На столе в скромной вазе стоял огромный букет белых роз. Рядом лежала нераспакованная коробка конфет. И завершала натюрморт бутылка красного вина. Фу, как пошло, поморщилась Ленка.
– Елена, – укоризненно качнула головой мать.
– Всё хорошо, Катенька, – он обернулся к матери. Всё такой же аристократически холеный, с греческим профилем и язвительными губами.
Мать слегка порозовела от этого «Катенька» и улыбнулась. Причём весьма глуповато. Значит, пирог был для него. Ленка тут же возненавидела это кулинарное чудо.
– Лена, мы с папой… – смущаясь, начала было мать.
– Мы? Даже так? И когда же опять возникло это «мы»? Насколько я помню, вы в разводе.
– Позволь мне, Катенька, – он взял руки матери в ладони, как всегда, такой убедительный, уверенный в себе. – Леночка, мама хочет сказать, что мы опять решили быть вместе. Начать всё с чистого листа, так сказать.
– Оваций не будет, – спокойно сказала Ленка. – Я против.
– Елена! – Мать сделала строгое лицо. – Нельзя же так.
– Катенька, всё нормально, – сияя улыбкой, поспешил успокоить её он. – Психика подростка очень ранима. Это нормально, и это пройдёт.
– Ты у нас теперь психоаналитиком заделался? – усмехнулась Ленка.
– Леночка, я понимаю. Наш развод, так сказать, очень тебя расстроил, – отец на полном серьёзе принялся объяснять то, что и так было ясно, хотя требовалось только одно: уйти и никогда не возвращаться. – Но пойми…
– Ошибаешься, очень обрадовал. Нам без тебя лучше. И ты нам не нужен! Возвращайся к своей поэтессе и не морочь маме голову!
– Елена, смени тон, – тихо сказала мать.
– Я не хочу, чтобы он опять сделал тебе больно.
Мать нахмурилась, но ничего не сказала.
– Леночка, прости, я виноват. Но это была минутная слабость, и я за неё сполна расплатился, – он театрально прижал руку к сердцу, изображая великую скорбь и раскаяние. – Поверь, я уже, так сказать, совершенно другой человек.
Ленка посмотрела на мать.
– Ты ему веришь?
– А не должна? – Она как-то жалобно улыбнулась и без сил опустилась на край дивана. – Как скажешь, так и будет.

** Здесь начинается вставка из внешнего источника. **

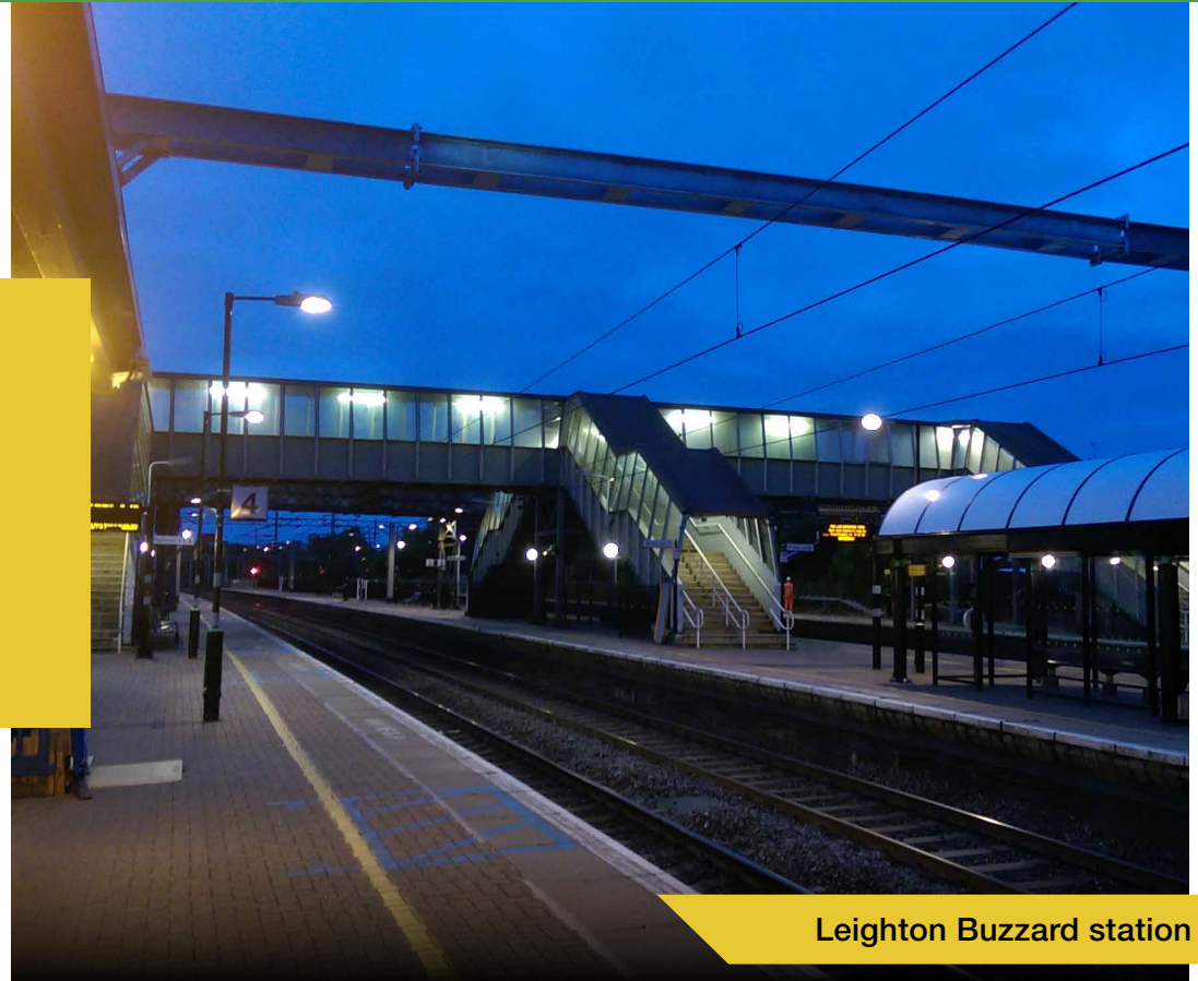
Leighton Buzzard station

“AFA – improving access for all at stations across Bedfordshire”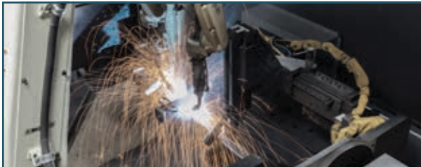
All CURT custom-fit receiver hitches are engineered, fabricated and welded in the USA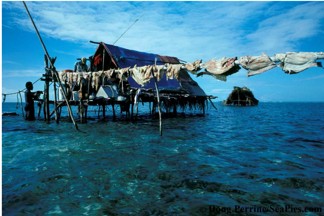
Figure 5: Fish-drying racks (tendedores) at Caye Glory.

The fishermen also salted the roe, although by a slightly different and easier process from that used for the rest of fish. The roe was sold or often used as “rent” for the fences, piers and roofs used to dry grouper. 27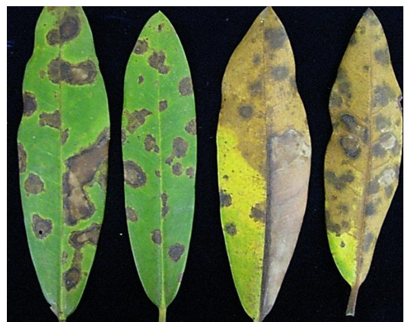
Figure 6. Cercospora leaf spot of rhododendron.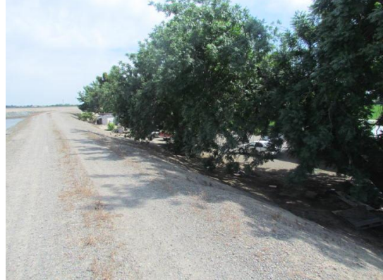
Looking south at untrimmed trees on landward slope and toe.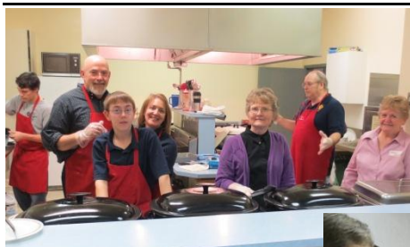
BREAKFAST FUNDRAISER AT THE KC HALL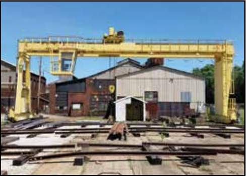
ALLIANCE MACHINE 15-Ton x 62' Rail-Mounted Gantry Crane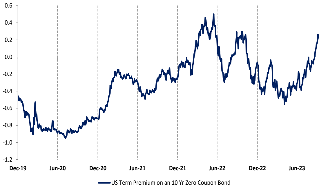
Figure 1. Equity Valuations Remain under Continued Pressure as Bond Term Premium Levels Edge Higher amidst Weakening US Corporate Guidance and Unattractive Valuations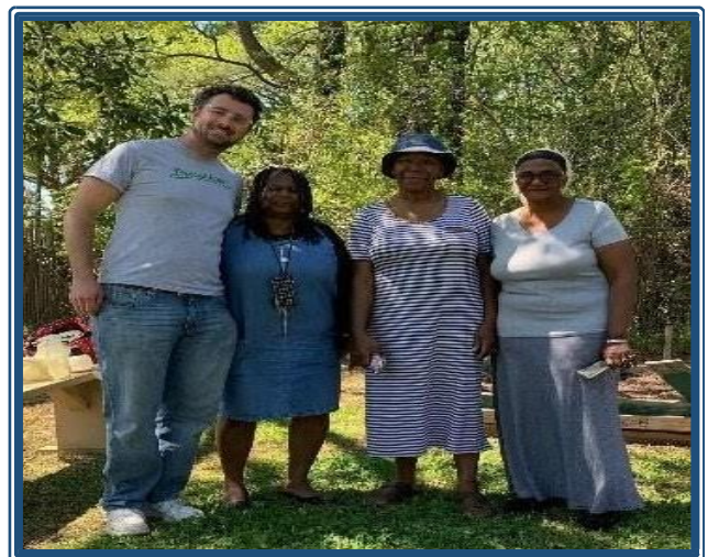
Envisioning the Future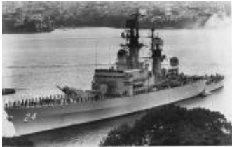
1968— Entering Sydney Harbor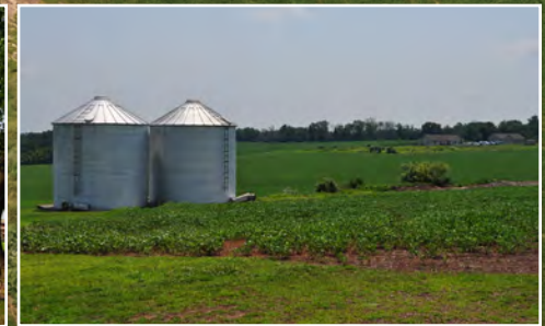
Plant your Crops! Bring your Livestock!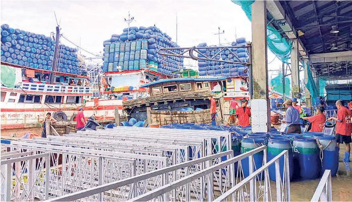
Fishery workers at the port await catches from arriving fishing vessels.

IN the first week of August, the fishing boats carrying various fish from the sea enter the Yangon jetties and the products are stored at the cold storage facilities for foreign export. There are over 500 fishing boats in Yangon, and over 350 capture fish and prawns in the sea. The fishing boats sheltered for one week at the islands while the sea got rough during the stormy period. The fish and prawn captured from 28 July to date arrive at 10 jetties in Yangon. “Currently, there are over 350 fishing boats from Yangon in the sea, and they return to normal condition. The fishing boats enter the jetty daily. The consumption of freshwater for the entry of saltwater products is a supportive action for the local marine product security. Then, it earns foreign income from the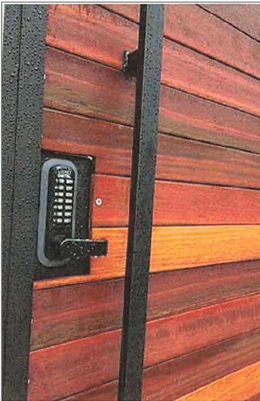
This lock or equivalent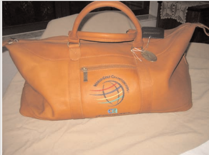
Plus 1 Phase 2 Prize- WGC-CA Championship Duffle Bag and a $20 gift card to Doral AleHouse.

It's Plus 1...Phase 2...for you. Sign 'em up for big prizes. Here's how it works: In this new phase you have the opportunity to win bigger prizes. All the entries from the first phase that ended Oct. 1st and anyone participating in this phase will be eligible for the next round of drawings. You will be entered into this drawing for each new recruit who becomes a volunteer. The number of entries per person are unlimited. When you recruit a new volunteer have them use the attached application and make sure they put your name in the box marked recommended by in the upper left portion of the form. The new deadline for entries is Feb. 1st or when all available spots are filled, whichever comes first. If they do not put your name in the recommended by box, you will not be given credit.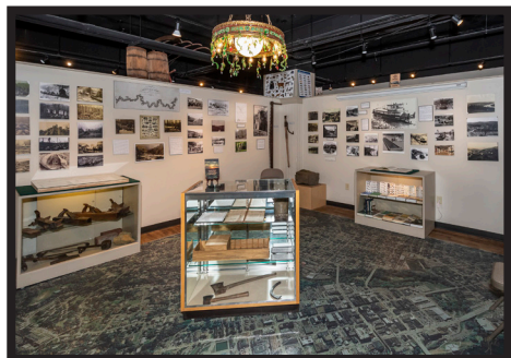
Our Exhibit Room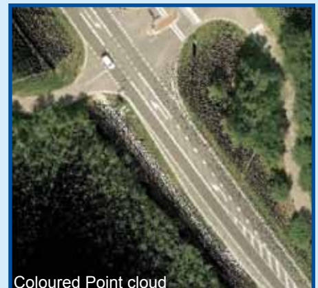
Coloured Point cloud

StreetMapper is the result of a joint venture between guidance and navigation specialist IGI mbH and 3D Laser Mapping Ltd.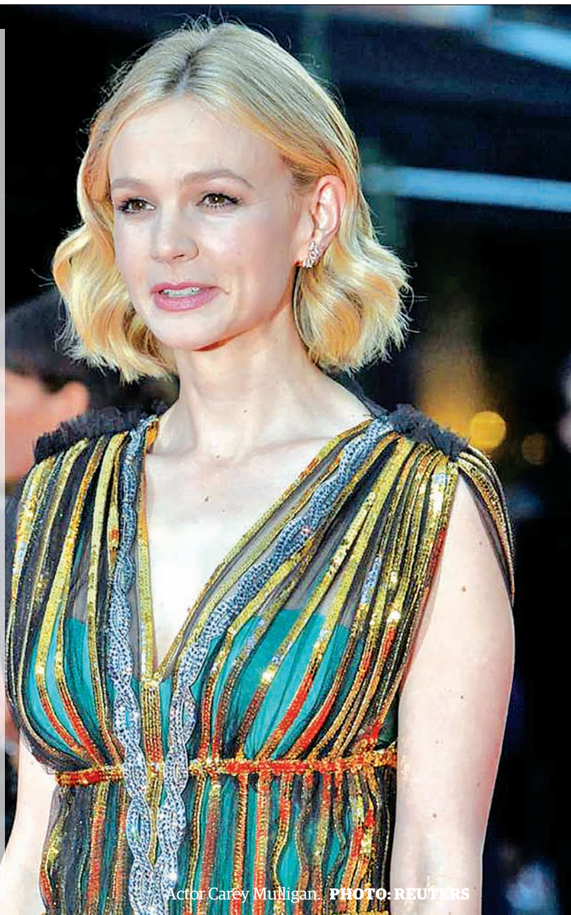
Actor Carey Mulligan.

"What this film does so cleverly is it creates empathy," Mulligan said. "It gets you in the mind of all the different characters. It makes you look at so many people's different perspectives and it asks you to ask the right questions, but it's not prescriptive. It's not telling you what to think."—Reuters ■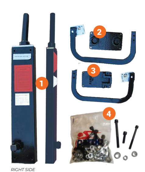
Mechanisms are handed.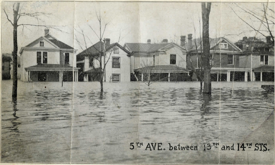
5 TH AVE. between 13 TH and 14 TH STS.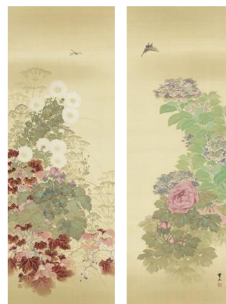
Kimura Buzan, Spring and Autumn Starting Bid: ¥1,800,000

Kimura Buzan is one of the leading masters of the Modern Japanese painting. Under Okakura Tenshin, he worked with Yokoyama Taikan, Shimomura Kanzan, and Hishida Shunso to modernize Japanese painting, and left his mark as one of the most highly acclaimed Japanese artist. In contrast to Taikan and his contemporaries, who sought a novel and innovative style, Buzan maintained a conventional approach based on the classics throughout his life, excelling in traditional subjects. This MEGURU will feature 16 works, including magnificent and exquisite flower-and-bird paintings and Buddhist paintings.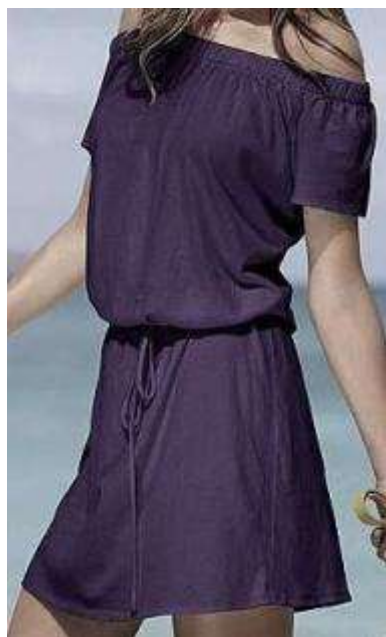
Code: HDD BW206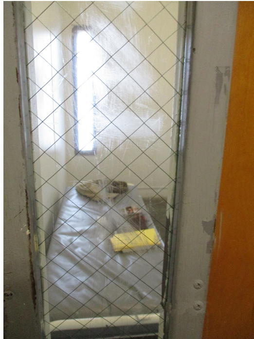
Photo: Another cell at KCJC as seen through the small door window.

including abuse, threats of violence, bullying, theft, sexual abuse, sexual harassment, and assault.” 15 Yet, Probation staff routinely use excessive physical force, sometimes “body-slamming” youth to the ground for minor violations such as defiance. Staff also use mechanical restraints such as handcuffs, leg irons, and full body “WRAP” devices to control youth under their care, including youth with disabilities and those experiencing mental health crises. An earlier state inspection revealed that restraints – including leg shackles and the full-body WRAP – were used on youth who posed no threat to themselves, others, or to even to property, and that Probation staff likely undercounted use of force incidents because they were not properly identifying use of restraints as a use of force. Discipline logs show that youth are sometimes placed on “leg-iron status” for days at a time.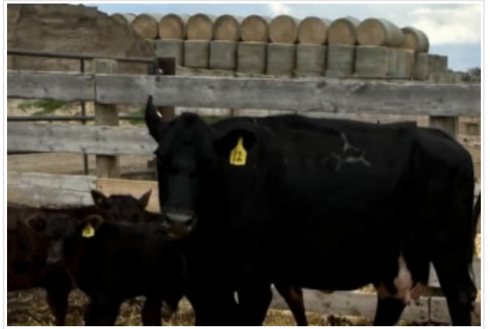
#2 Eastfield Farms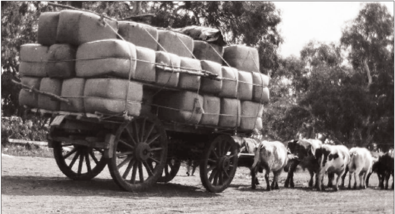
A nostalgic look at the past

Mia Mia Celebrated its History at the launch of 'Mia Mia The Place and its People'.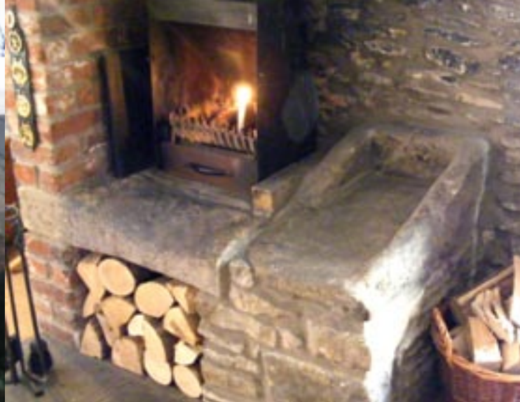
Blacksmiths forge fireplace in the Blacksmiths Cottage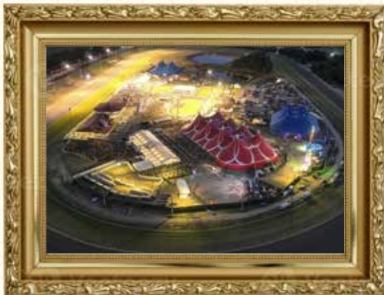
Chelmsford City Racecourse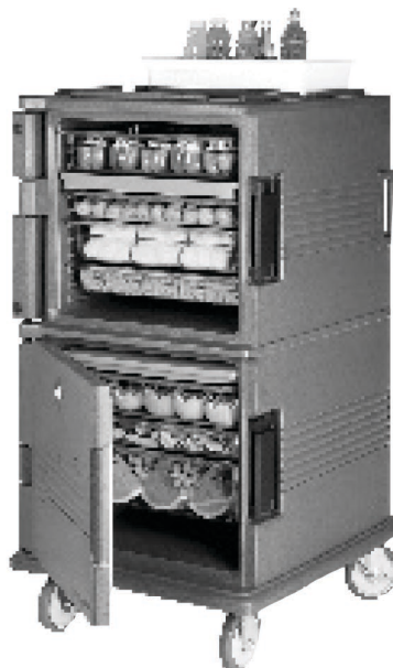
UPC1600 (Shown with 1600DIV ThermoBarrier® in top compartment and CP1220 Camchiller® in bottom compartment)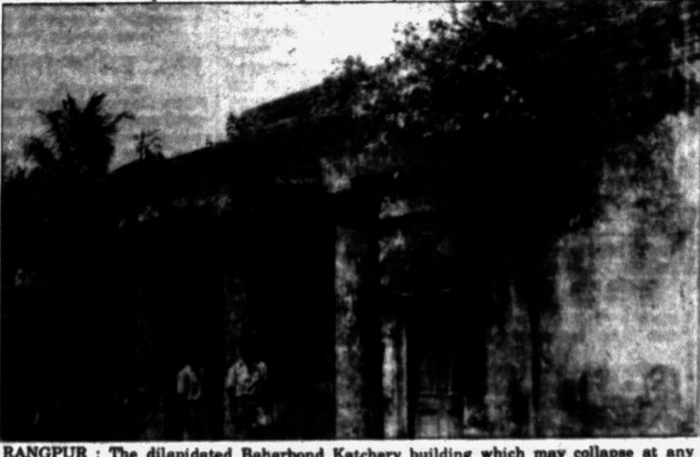
RANGPUR: The dilapidated Baharbond Kutchery building which may collapse at any moment.

Recently formed Chuadanga Government College Sangrami Chhatra Samaj ransacked the office of the Principal and damaged the office furniture on July 30 for not publishing a white paper on account of the college students union of 1988-89. The Sangrami Chhatra Samaj had been demanding the white paper and submitted memorandum to the college authority.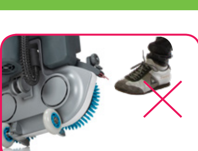
Do not kick the deck with foot. Gently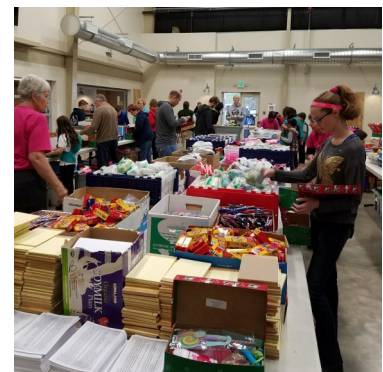
Photos from last year's Operation Christmas Child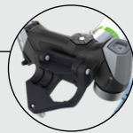
Quick release design: Switch from automated to handheld mode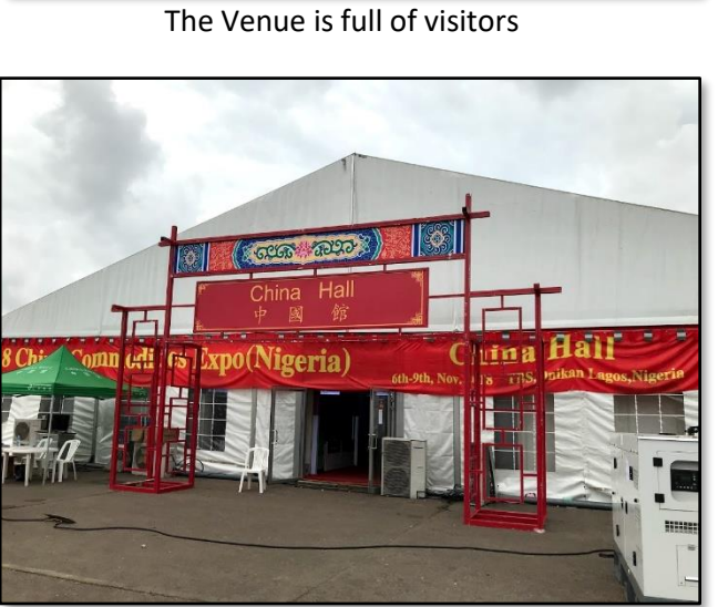
China pavilion is also one of the biggest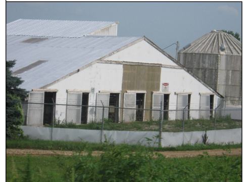
UNDERWOOD FARM FREDERICKSBURG, IA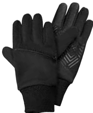
Stretch-Knit Tech Gloves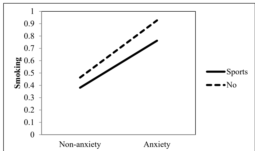
Figure 2. Interaction between anxiety and sports as a TV genre on smoking behavior.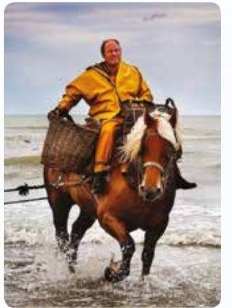
Oostduinkerke, Belgium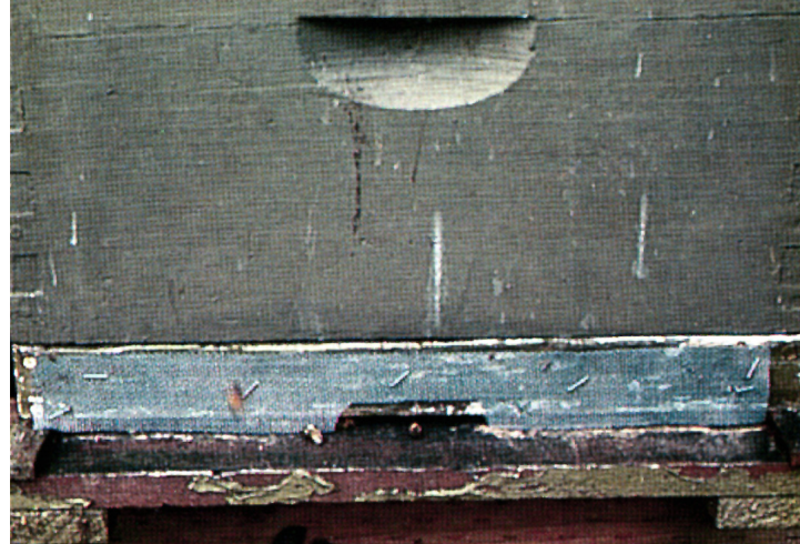
Dilly anti-yellowjacket screen.

Registered products can be found at Washington State University Extension's PestSense web site: http://pep.wsu.edu/pestsense.

Ленка хлюпнула носом и кинулась к матери. Упала в её объятия, ткнулась носом в шею.
– Да откуда я знаю, что сказать! Я хочу, чтобы ты была счастлива. Вот и всё.
– Милые мои девочки, давайте пить чай, – отец засуетился над конфетами, ловко сдирая обёртку. – Леночка, неси пирог.
Утром Ленка выбрала такой окружной путь в школу, что вероятность встретить по пути одноклассников была минимальна. Видеть никого из соратников по обучению не хотелось. Даже в отношении Дубинина почему-то не ощущалось никаких радостных эмоций. И предстоящее свидание казалось каким-то уж слишком обыденным.
Осень была в разгаре. Всюду толстым слоем лежали скрюченные листья. Полысевшие кроны с остатками листвы смотрелись жалко. Ленка брела по городу, стараясь ни о чем не думать, а только цепляться взглядом за цвета и формы. Всё было резким и чётким. Как часто бывает осенью. Словно подводишь итоговую черту.
Ленка постояла на крыльце, размышляя о целесообразности своего присутствия на занятиях. Звонок на урок почему-то воодушевил её, и Ленка направилась в кабинет биологии. Приходить на биологию после звонка считалось обычным делом. Этот предмет вела молоденькая учительница, Вера Игоревна, полный желторотик с только что полученным дипломом и горячим желанием поднять уровень образованности своих подопечных до недосягаемых высот.
Учительница была маленькой, хрупкой и белокурокудрявой. Ей даже не стали придумывать прозвище, обошлись совершенно домашним: Верочка. На фоне класса она смотрелась старшеклассницей и авторитета не имела.
Народ взирал на неё снисходительно, на уроке вёл себя расслабленно, позволяя себе таращиться в гаджеты, болтать и заниматься своими делами.
Но Верочка не сдавалась. Стойким оловянным солдатиком она встречала все тяготы. Вновь и вновь меняла методы воздействия на обучаемые организмы, проявляя при этом такую изобретательность, что вызывала горячее Ленкино сочувствие.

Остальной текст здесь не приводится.